- **Try it**
When you copy the material below, keep every line exact and omit the pictures.

[[ Data shown, beginning ]]

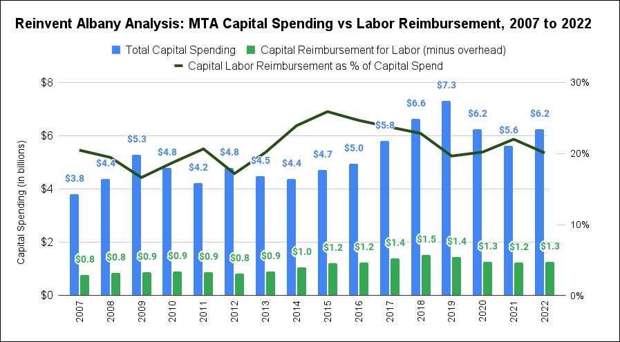 Roughly 21 percent of the MTA’s capital expenditures since 2007 have gone to pay in-house workers, Reinvent Albany said. Last year, that translated to $1.3 billion in wages. The more money the MTA spends on capital renovations — i.e. trackwork, signal upgrades and other in-house engineering — the more money will go to the laborers.
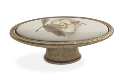 כפתור אובלי דגם 8602 פליז עתיק+פורצלן פרח חום
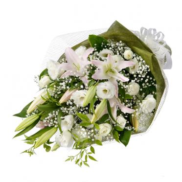 洋花のみで、ユリの花の入ったお供え用の花束です。
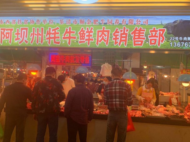 在東西部扶貧協(xié)作中,樂清市對口支援壤塘縣。“有一次,壤塘派人到樂清對接扶貧工作,提到了如何推進產(chǎn)業(yè)扶貧。壤塘牦牛資源比較豐富,雙方就談到了搭建牦牛銷售渠道和平臺?!比捞量h經(jīng)濟商務和信息化局局長樊興建談到“西牛東送”項目最初的構想時說。
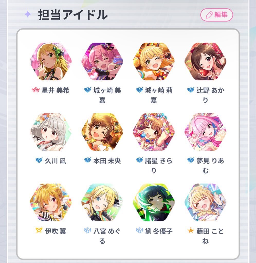 自己紹介など↓↓↓ 名前: 美紅 年齢: 21 生息地: デレ=学>シャニ(稀にAS) 担当: 下画像参照↓ 推し:えりち、めぎゅし、ぴかるん 絵垢:@mi__ku__39 よろしくお願いします(*^^*) #学マスPさんと繋がりたい #シャニマスPさんと繋がりたい #デレマスPさんと繋がりたい pic.x.com/so65boRfxb
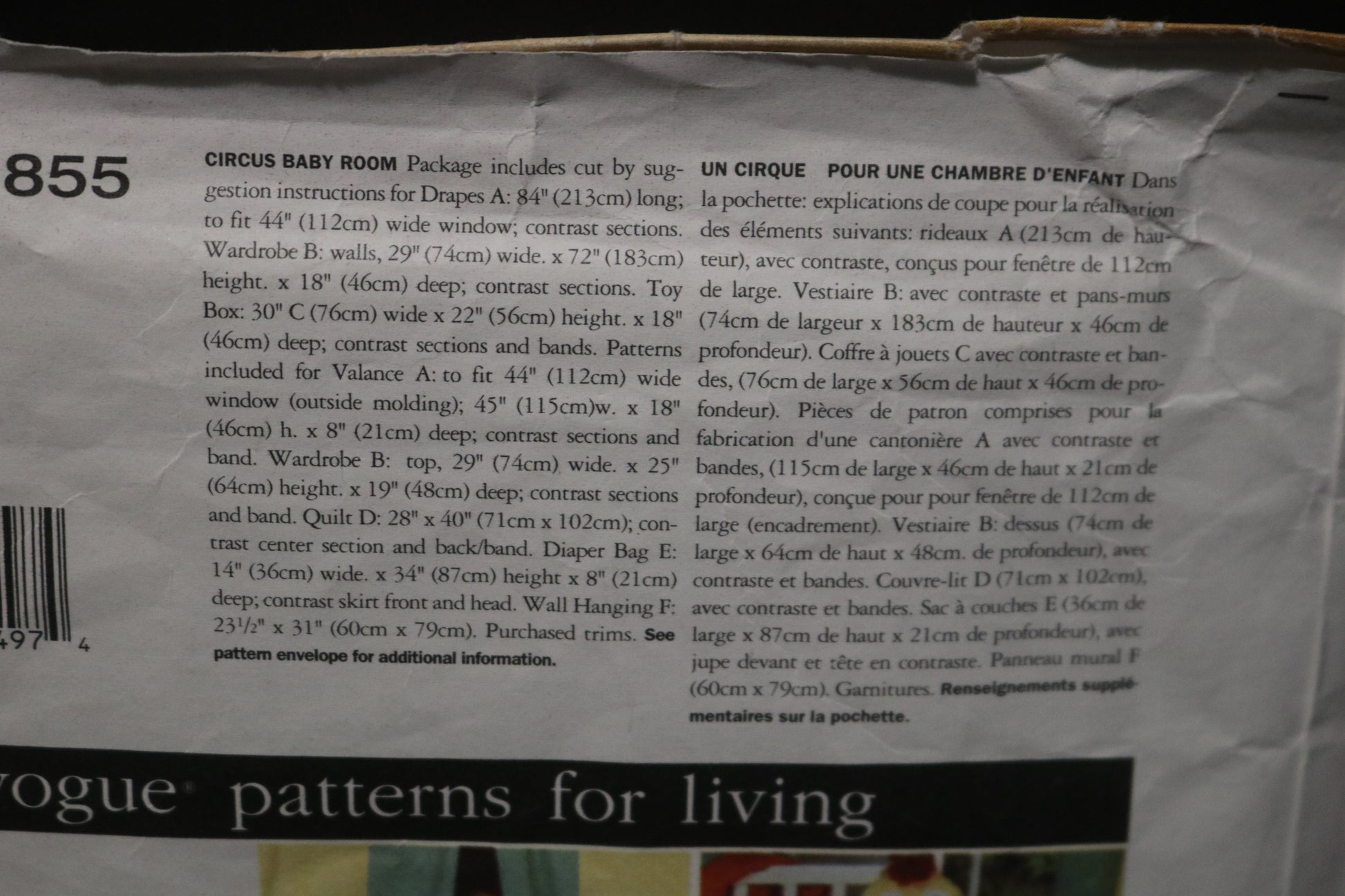 Vogue 1855 Patterns for living Circus Baby Room Sewing Pattern

[[ Data shown, end ]]

- **Solved problem**
 Roughly 21 percent of the MTA’s capital expenditures since 2007 have gone to pay in-house workers, Reinvent Albany said. Last year, that translated to $1.3 billion in wages. The more money the MTA spends on capital renovations — i.e. trackwork, signal upgrades and other in-house engineering — the more money will go to the laborers.
 כפתור אובלי דגם 8602 פליז עתיק+פורצלן פרח חום
 洋花のみで、ユリの花の入ったお供え用の花束です。
 在東西部扶貧協(xié)作中,樂清市對口支援壤塘縣。“有一次,壤塘派人到樂清對接扶貧工作,提到了如何推進產(chǎn)業(yè)扶貧。壤塘牦牛資源比較豐富,雙方就談到了搭建牦牛銷售渠道和平臺?!比捞量h經(jīng)濟商務和信息化局局長樊興建談到“西牛東送”項目最初的構想時說。
 自己紹介など↓↓↓ 名前: 美紅 年齢: 21 生息地: デレ=学>シャニ(稀にAS) 担当: 下画像参照↓ 推し:えりち、めぎゅし、ぴかるん 絵垢:@mi__ku__39 よろしくお願いします(*^^*) #学マスPさんと繋がりたい #シャニマスPさんと繋がりたい #デレマスPさんと繋がりたい pic.x.com/so65boRfxb
 Vogue 1855 Patterns for living Circus Baby Room Sewing Pattern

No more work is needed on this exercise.